If a compiler translates the code in relatively literal fashion, and if all the checks for system state are repeated after the prepare_for_activation() , the system may be robust against almost any plausible single glitch event, even those which would arbitrarily corrupt the program counter and stack. 如果编译器以相对原义的方式转换代码，并且在prepare_for_activation()之后重复了对系统状态的所有检查，则该系统可以抵抗几乎任何可能的单个故障事件，甚至那些会任意破坏程序计数器和堆。 If a glitch occurs just after a call to prepare_for_activation() , that would imply that activation would have been appropriate (since there's no other reason prepare_for_activation() would have been called before the glitch). 如果在调用prepare_for_activation()之后发生小故障，则意味着激活是适当的（因为没有其他原因会在小故障之前调用prepare_for_activation() ）。 If the glitch causes code to reach prepare_for_activation() inappropriately, but there are no subsequent glitch events, there would be no way for code to subsequently reach trigger_activation() without having passed through the validation check or calling cancel_preparations first [if the stack glitches, execution might proceed to a spot just before trigger_activation() after the context that called prepare_for_activation() returns, but the call to cancel_preparations() would have occurred between the calls to prepare_for_activation() and trigger_activation() , thus rendering the latter call harmless. 如果故障导致代码不适当地到达prepare_for_activation() ，但没有后续故障事件，那么代码将无法随后通过未通过验证检查或先调用cancel_preparations到达trigger_activation() [如果堆栈出现故障，执行可能会在调用prepare_for_activation()返回的上下文之后刚好在trigger_activation()之前执行，但是对cancel_preparations()的调用会在对prepare_for_activation()和trigger_activation()的调用之间发生，因此使后者的调用无害。
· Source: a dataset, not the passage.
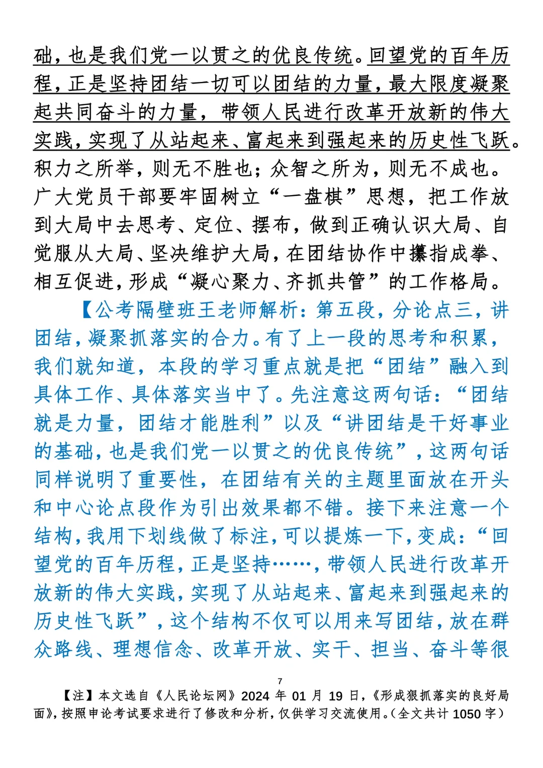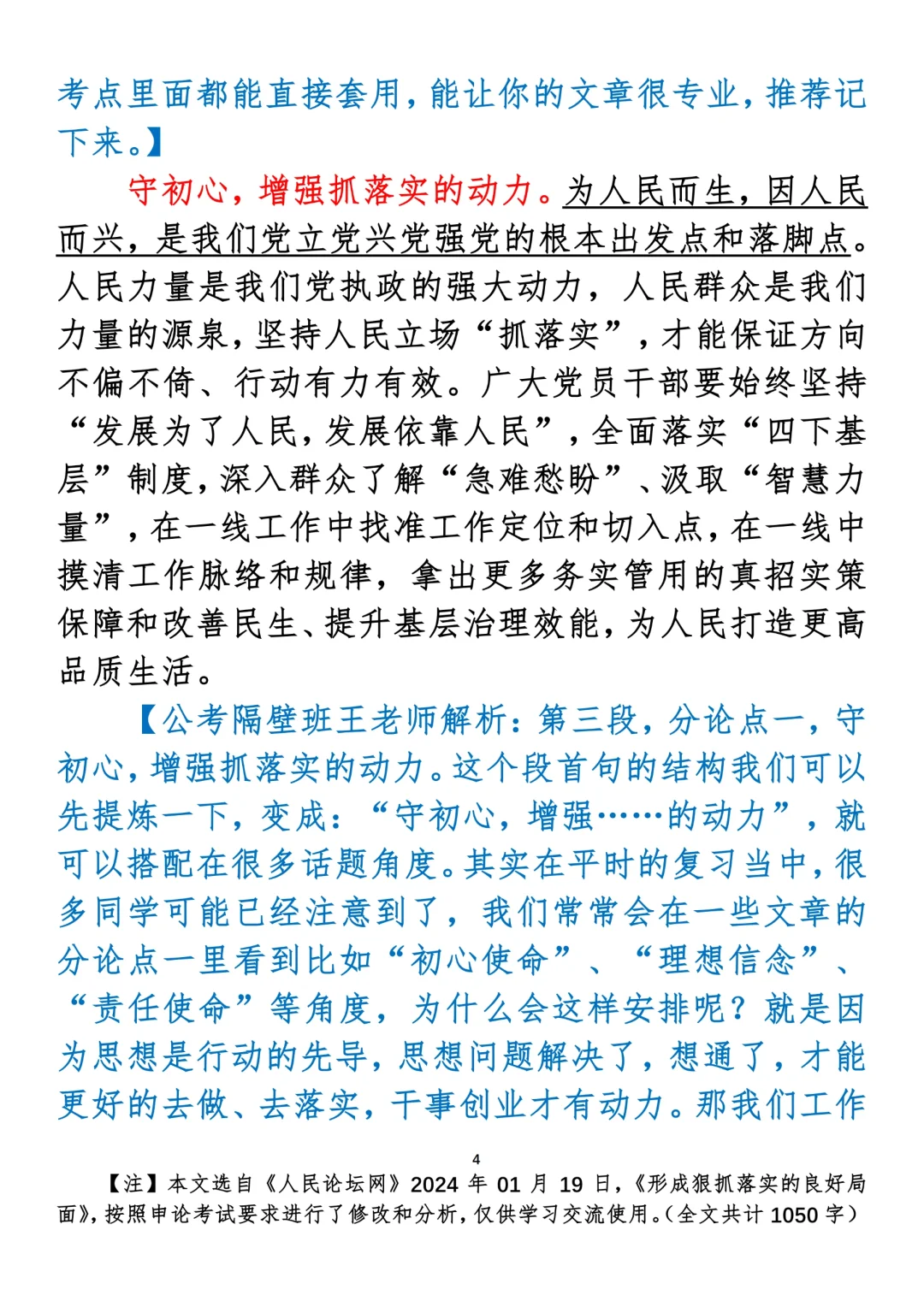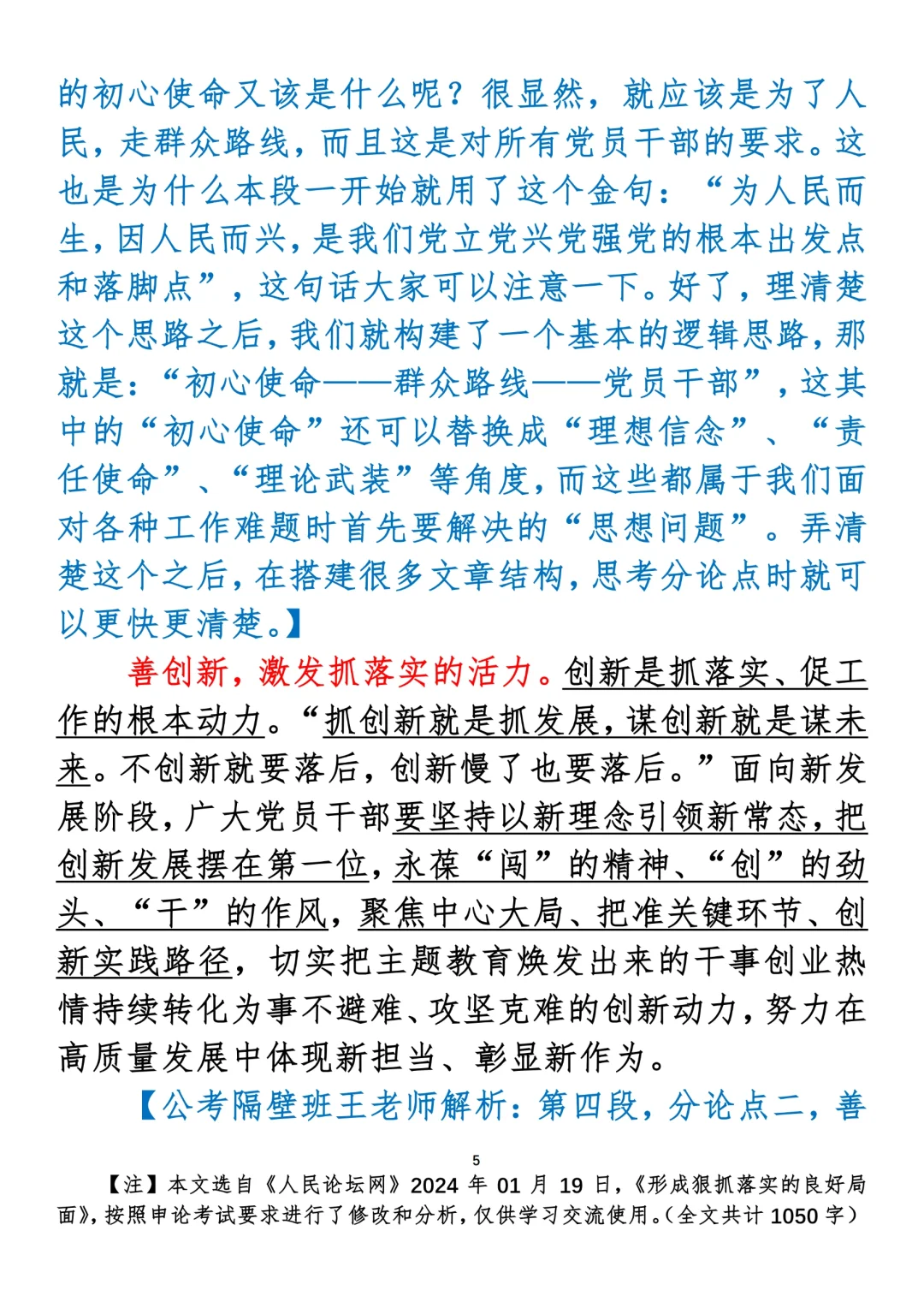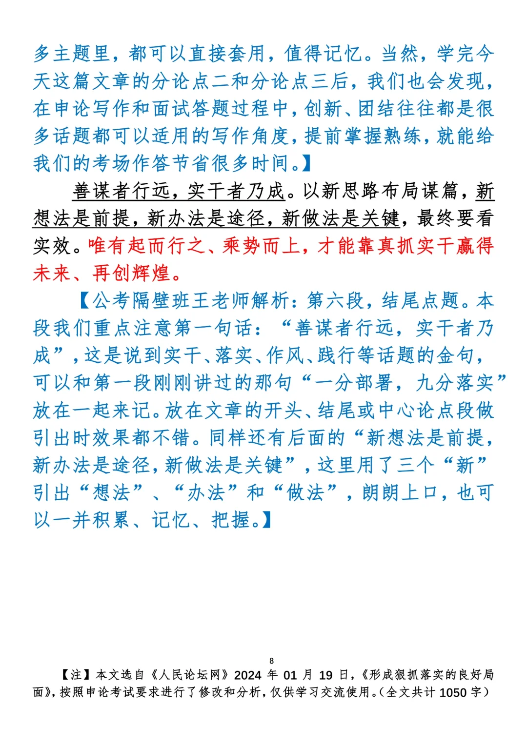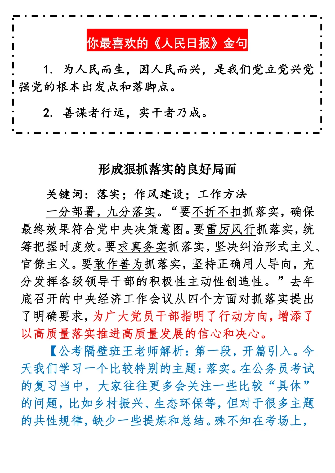 如何抄写:每日抄写文章发在“公考隔壁班王老师”账号,红色字是重点句和结构句,黑色字是正文,蓝色字是解析,大家抄写时不必抄蓝色字。建议先通读全文,做到心中有数再开始抄写,效果会更好。 关于文章:抄写文章来源于人民日报,但每篇文章我都根据申论考试要求进行了修改:一是重写或修改开头、结尾;二是统一段首句句式结构;三是调整段落字数,使文章结构更均衡;四是简化复杂长难句,使之更具可模仿性。每篇文章无论修改多少,都是基于申论考试要求,毫无对人民日报文章品评之意。(此处致敬人民日报)

Such code may be safe in traditional C, but not with modern C compilers. 这样的代码在传统C语言中可能是安全的，但在现代C编译器中则不是。 Such compilers can be very dangerous in that sort of environment because aggressive they strive to only include code which will be relevant in situations that could come about via some well-defined mechanism and whose resulting consequences would also be well defined. 这样的编译器在那种环境下可能非常危险，因为激进的编译器会努力只包含与某些情况相关的代码，这些情况可能通过某种定义良好的机制发生，并且其后果也将得到很好的定义。 Code whose purpose would be to detect and clean up after failures may, in some cases, end up making things worse. 在某些情况下，目的是要在故障后进行检测和清除的代码可能最终使情况变得更糟。 If the compiler determines that the attempted recovery would in some cases invoke undefined behavior, it may infer that the conditions that would necessitate such recovery in such cases cannot possibly occur, thus eliminating the code that would have checked for them. 如果编译器确定在某些情况下尝试进行的恢复将调用未定义的行为，则它可以推断出在这种情况下可能需要进行这种恢复的条件不可能发生，从而消除了要检查它们的代码。